## Required work
The records below hold a stretch from the line with "This is a nice" through the line with "Détendez-vous dans votre"; return exactly those lines, ends included, and nothing more.

*** Opening Records shown ***

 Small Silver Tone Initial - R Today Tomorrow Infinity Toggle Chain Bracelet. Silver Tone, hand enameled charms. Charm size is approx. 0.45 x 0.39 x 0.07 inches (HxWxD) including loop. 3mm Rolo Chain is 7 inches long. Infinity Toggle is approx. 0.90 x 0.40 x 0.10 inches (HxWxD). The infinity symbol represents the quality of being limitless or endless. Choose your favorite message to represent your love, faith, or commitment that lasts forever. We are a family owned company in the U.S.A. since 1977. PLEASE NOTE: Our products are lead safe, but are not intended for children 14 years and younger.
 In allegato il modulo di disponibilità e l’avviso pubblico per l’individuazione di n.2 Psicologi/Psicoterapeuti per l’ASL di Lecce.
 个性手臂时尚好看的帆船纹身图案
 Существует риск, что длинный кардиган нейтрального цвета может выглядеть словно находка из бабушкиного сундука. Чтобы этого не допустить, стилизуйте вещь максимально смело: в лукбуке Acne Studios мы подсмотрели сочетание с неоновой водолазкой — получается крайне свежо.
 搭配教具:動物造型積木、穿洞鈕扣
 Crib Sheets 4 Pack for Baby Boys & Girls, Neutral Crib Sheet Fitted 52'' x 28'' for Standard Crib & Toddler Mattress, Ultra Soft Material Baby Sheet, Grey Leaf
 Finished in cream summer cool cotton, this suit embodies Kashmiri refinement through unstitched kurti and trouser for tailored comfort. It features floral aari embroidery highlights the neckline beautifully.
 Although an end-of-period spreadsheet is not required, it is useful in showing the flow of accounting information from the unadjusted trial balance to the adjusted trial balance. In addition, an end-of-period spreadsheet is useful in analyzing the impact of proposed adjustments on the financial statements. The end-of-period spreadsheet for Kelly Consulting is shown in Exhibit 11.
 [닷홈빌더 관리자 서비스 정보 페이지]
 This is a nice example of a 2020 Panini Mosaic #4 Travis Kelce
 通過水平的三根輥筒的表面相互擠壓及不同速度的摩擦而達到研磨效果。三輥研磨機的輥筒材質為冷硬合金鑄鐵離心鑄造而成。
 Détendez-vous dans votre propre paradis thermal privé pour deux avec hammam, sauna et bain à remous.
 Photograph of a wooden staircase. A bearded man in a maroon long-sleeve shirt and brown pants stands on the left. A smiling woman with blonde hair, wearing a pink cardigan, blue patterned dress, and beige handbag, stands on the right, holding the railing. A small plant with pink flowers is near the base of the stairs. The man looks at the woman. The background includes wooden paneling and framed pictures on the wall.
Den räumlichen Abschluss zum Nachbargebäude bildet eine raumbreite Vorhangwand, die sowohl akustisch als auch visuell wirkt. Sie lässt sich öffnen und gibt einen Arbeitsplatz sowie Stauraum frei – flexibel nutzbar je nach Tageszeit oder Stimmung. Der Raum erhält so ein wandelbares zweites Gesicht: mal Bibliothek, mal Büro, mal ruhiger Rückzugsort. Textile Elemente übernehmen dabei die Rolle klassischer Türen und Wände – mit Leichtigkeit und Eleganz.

*** Closing Records shown ***

## Response for this exercise
 This is a nice example of a 2020 Panini Mosaic #4 Travis Kelce
 通過水平的三根輥筒的表面相互擠壓及不同速度的摩擦而達到研磨效果。三輥研磨機的輥筒材質為冷硬合金鑄鐵離心鑄造而成。
 Détendez-vous dans votre propre paradis thermal privé pour deux avec hammam, sauna et bain à remous.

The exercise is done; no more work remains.